* **EXERCISE DETAILS**: With the pictures removed, please write out every line below exactly as given.

DATASET CONTENT below:

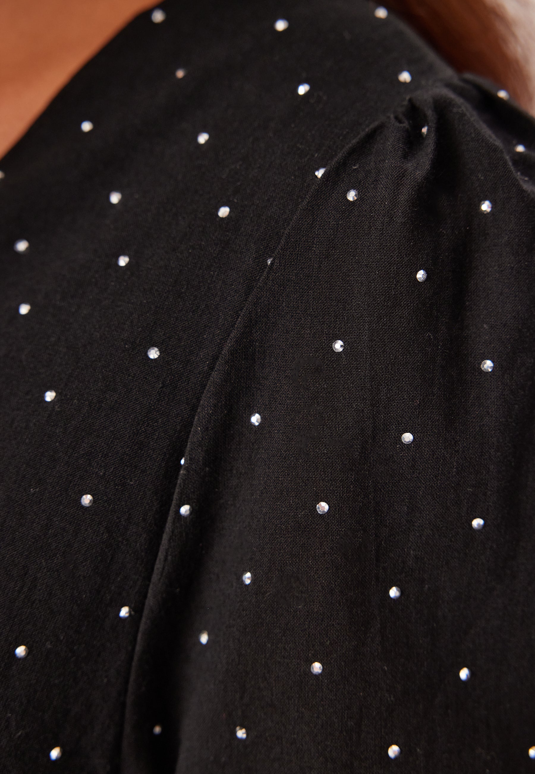 - Kudottu, joustamaton materiaali kimaltelevilla yksityiskohdilla.
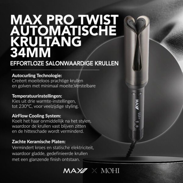 De Max Pro Twist Autocurler 34 mm maakt krullen stylen makkelijker dan ooit. Met één druk op de knop draait het apparaat je haar automatisch rond de 34 mm barrel, waardoor je in een handomdraai prachtige krullen of golven creëert.
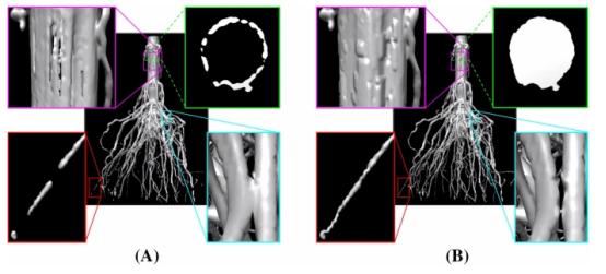 分割根圖像。對圖像I進(jìn)行閾值化會產(chǎn)生許多拓?fù)溴e誤,例如斷開連接(紅色框)和手柄(青色框和紫色框),并且莖內(nèi)部是中空的(綠色框)。B應(yīng)用我們的填充啟發(fā)式,然后使用[20]的算法,得到一個分段B,去除這些拓?fù)溴e誤,并填充莖部位。

End of DATASET CONTENT.

* **OUTPUT FOR THIS TASK**:
 - Kudottu, joustamaton materiaali kimaltelevilla yksityiskohdilla.
 De Max Pro Twist Autocurler 34 mm maakt krullen stylen makkelijker dan ooit. Met één druk op de knop draait het apparaat je haar automatisch rond de 34 mm barrel, waardoor je in een handomdraai prachtige krullen of golven creëert.
 分割根圖像。對圖像I進(jìn)行閾值化會產(chǎn)生許多拓?fù)溴e誤,例如斷開連接(紅色框)和手柄(青色框和紫色框),并且莖內(nèi)部是中空的(綠色框)。B應(yīng)用我們的填充啟發(fā)式,然后使用[20]的算法,得到一個分段B,去除這些拓?fù)溴e誤,并填充莖部位。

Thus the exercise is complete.